Paul de Smedt's Divine Support: Ghurras, Wooden Churning-Rod Holders from Nepal (Kathmandu: Pilgrims Bookhouse, 2000) is an enthusiastic, important study of one type of simple, vernacular object and its cultural significance. Michael Hutt's Nepal: A Guide to the Art and Architecture of the Kathmandu Valley (Boston: Shambala, 1995) is a great reference book. And, though his paintings are extremely different from mine (more like Andrew Wyeth's), Robert Powell's Earth Door Sky Door: Paintings of Mustang (London: Serindia, 1999) is inspirational to me for how his paintings are documentary, and for how he presents his paintings with casual but visionary accompanying notes.

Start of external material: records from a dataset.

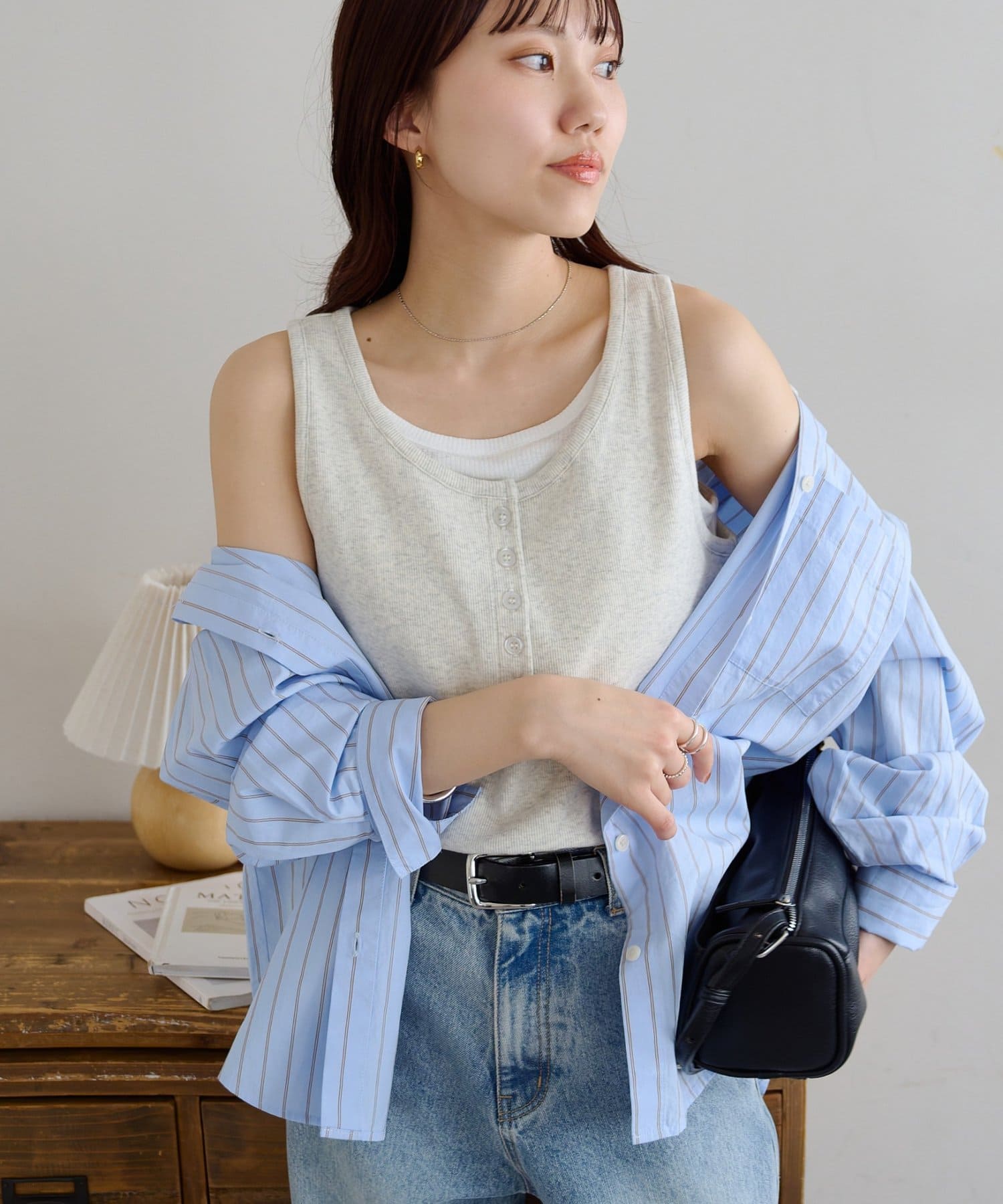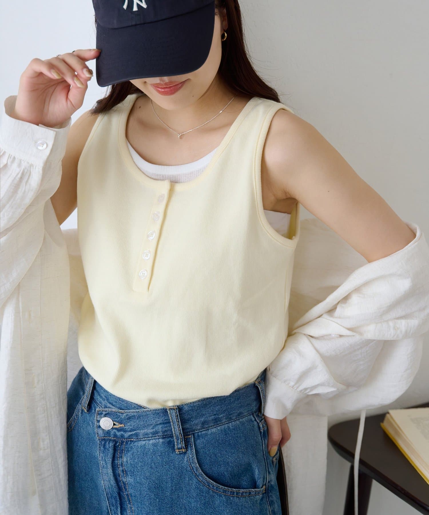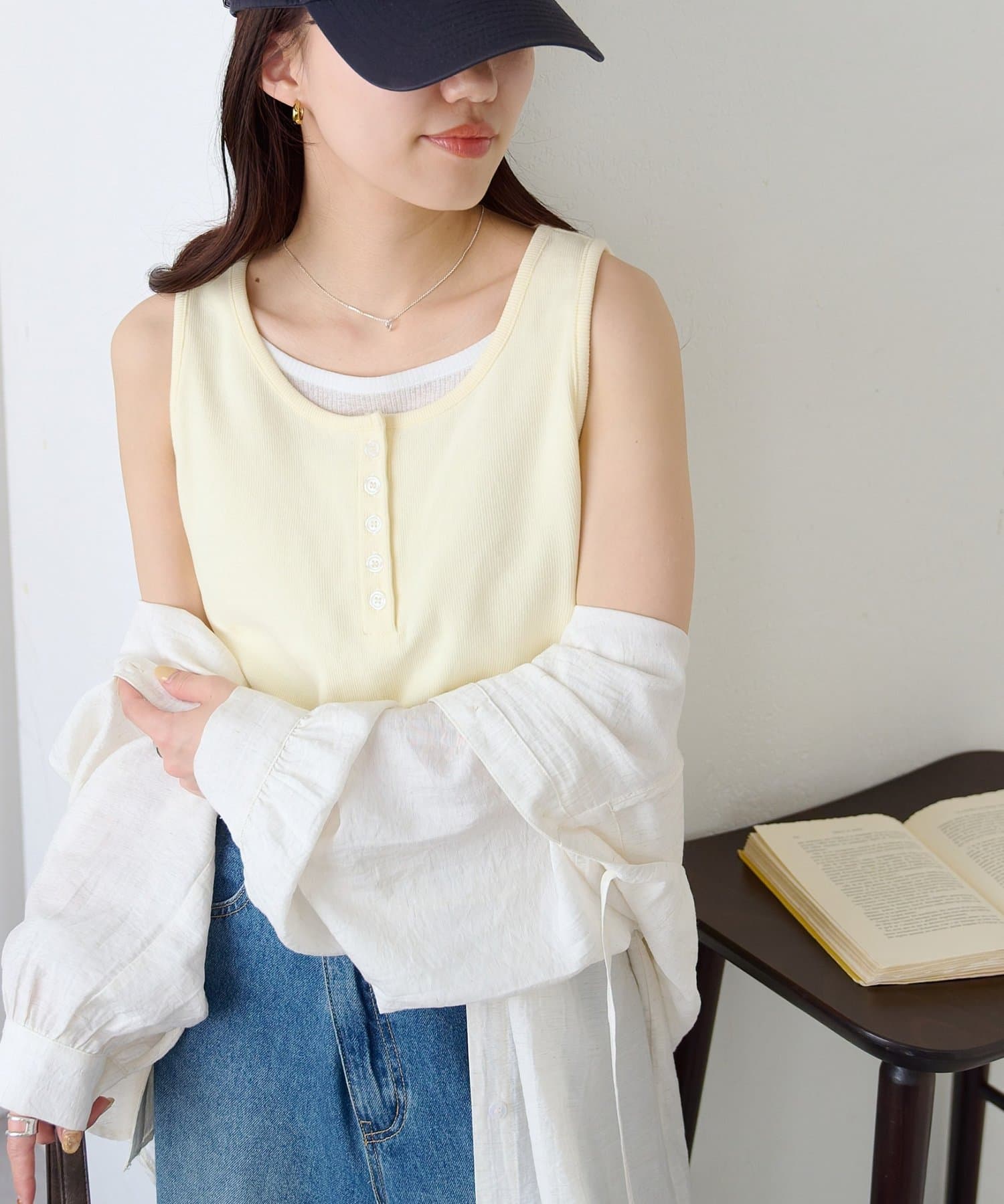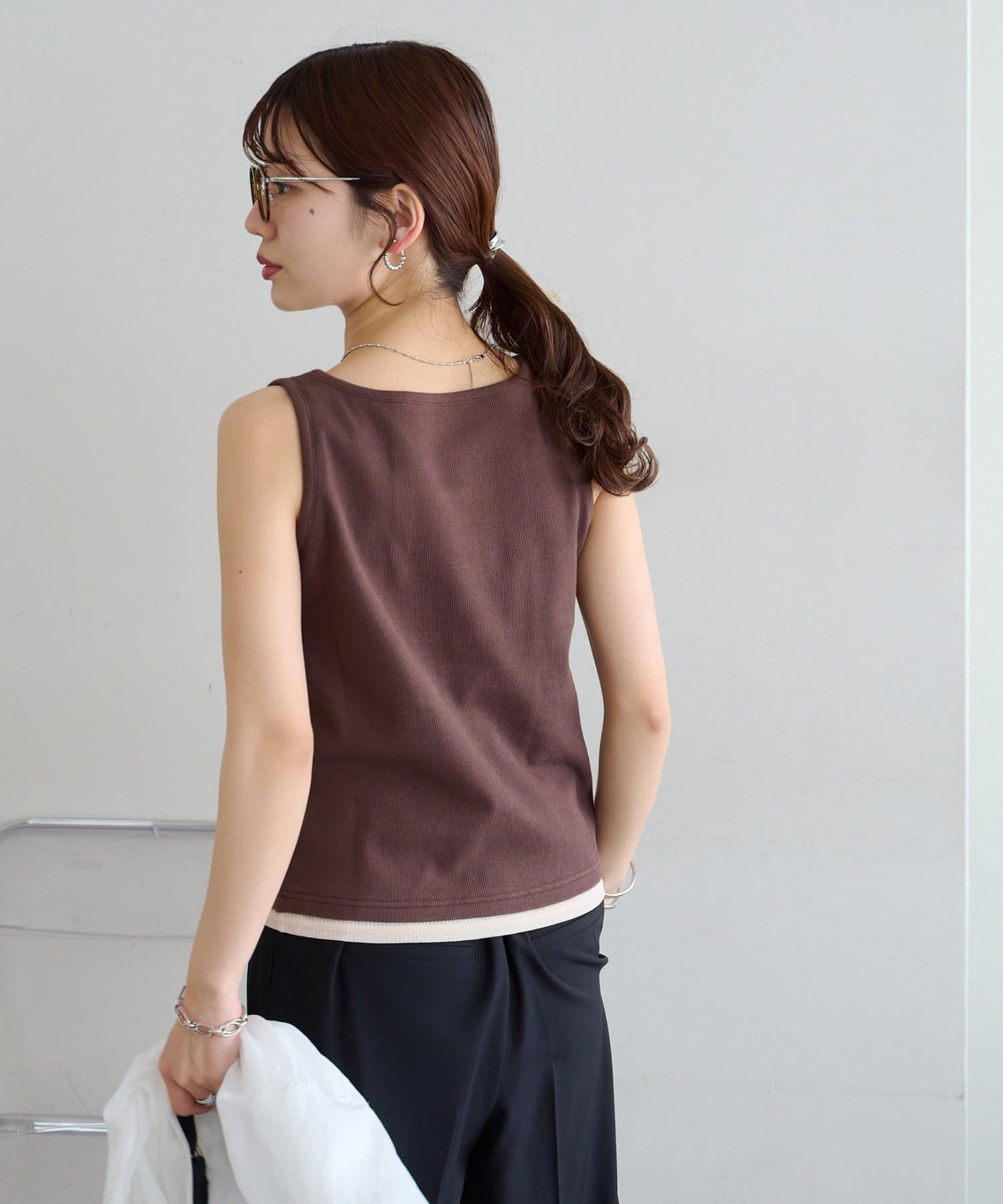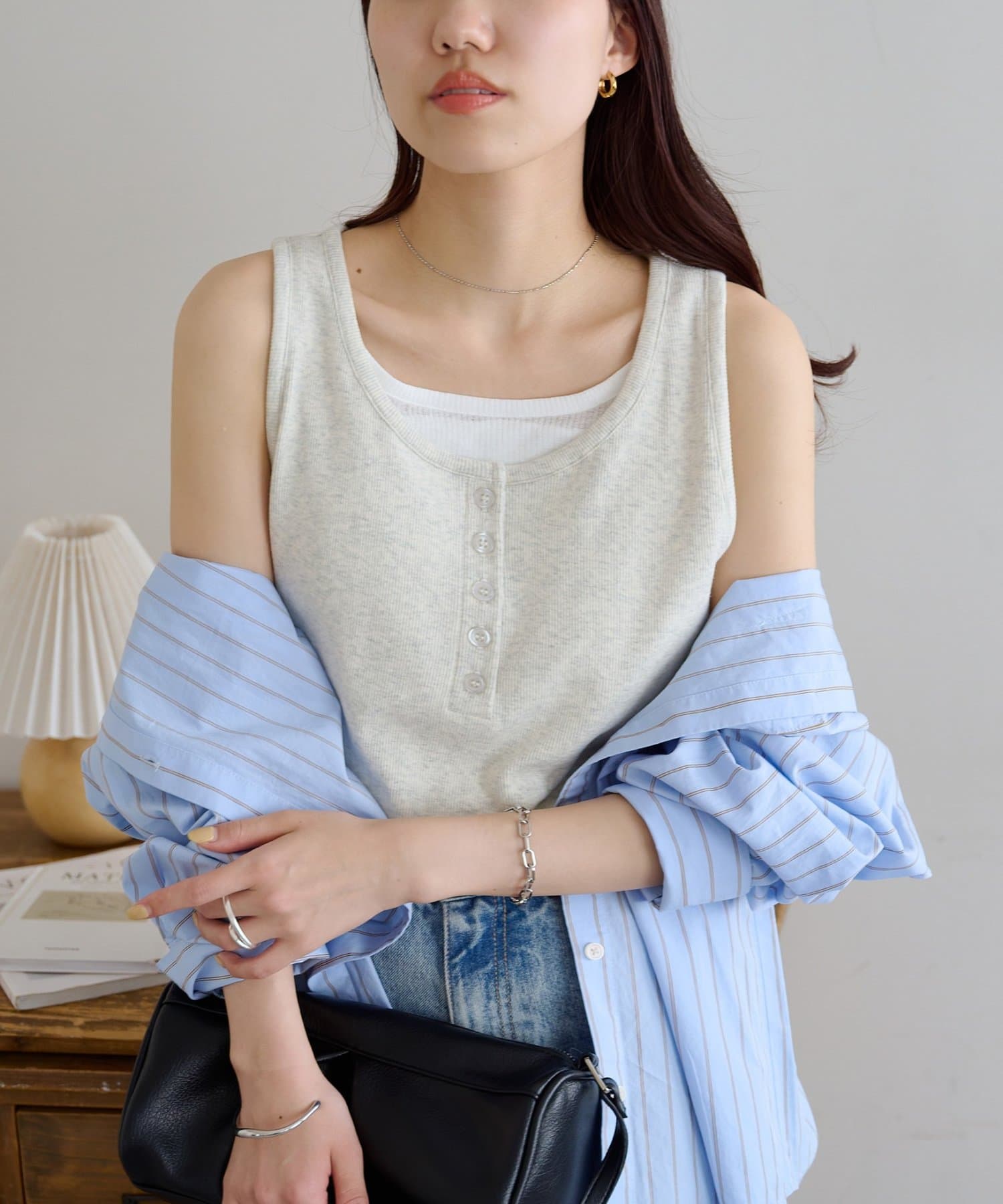 一枚で重ね着スタイルが完成する、レイヤード風タンクトップ
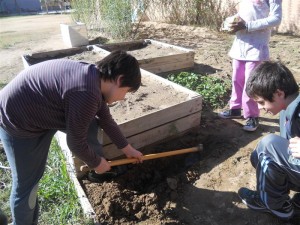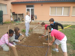 Mentre removíem la terra per plantar les faves ens anàvem trobant patates que segurament havien plantat els que ara fan 5é. Dintre o el costat de la patata anàvem trobant erugues que tenien el cap taronja i el cos blanc.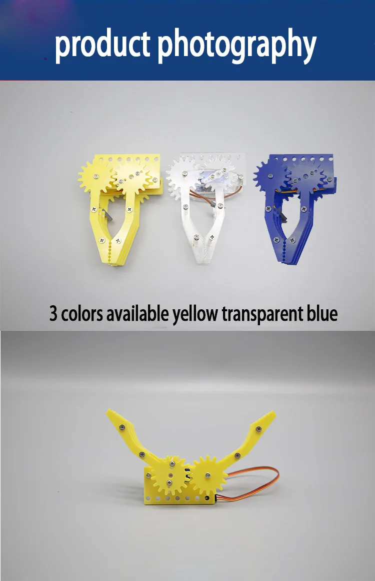 [Features] : The design structure is simple and strongSymmetrically grasping manipulatorIt's driven by a steering engineQuick response and high precisionGrab object gift big

And, in studying Sri Lankan art in particular, I am most indebted to Senake Bandaranayake's and Gamini Jayasinghe's The Rock and Wall Paintings of Sri Lanka (Colombo: Lake House Bookshop, 1986) and to the brilliant survey of Buddhist symbology in Karunaratne Gunapala Senadeera's Buddhist Symbolism of Wish-Fulfillment (Delhi: Sri Satguru Publications, 1992). The photography of Nihal Fernando is a great visual record of art on the island in Serendip to Sri Lanka: Immemorial Isle (Colombo: Studio Times Limited, 1991), and Stephen Champion's Lanka: 1986-1992 (Reading: Garnet Publishing Ltd., 1993) is a good photographic reminder of the recent political context in which artists have had to work.

Finally, for its Thoreauvian curiosity and archaeological and naturalist's detail-rather like a nineteenth century Sri Lankan counterpart to Khushwant Singh's Nature Watch (New Delhi: Lustre Press, 1990)-I read and re-read John Still's Jungle Tide (Dehiwala, Sri Lanka: Tisara Press, 1992).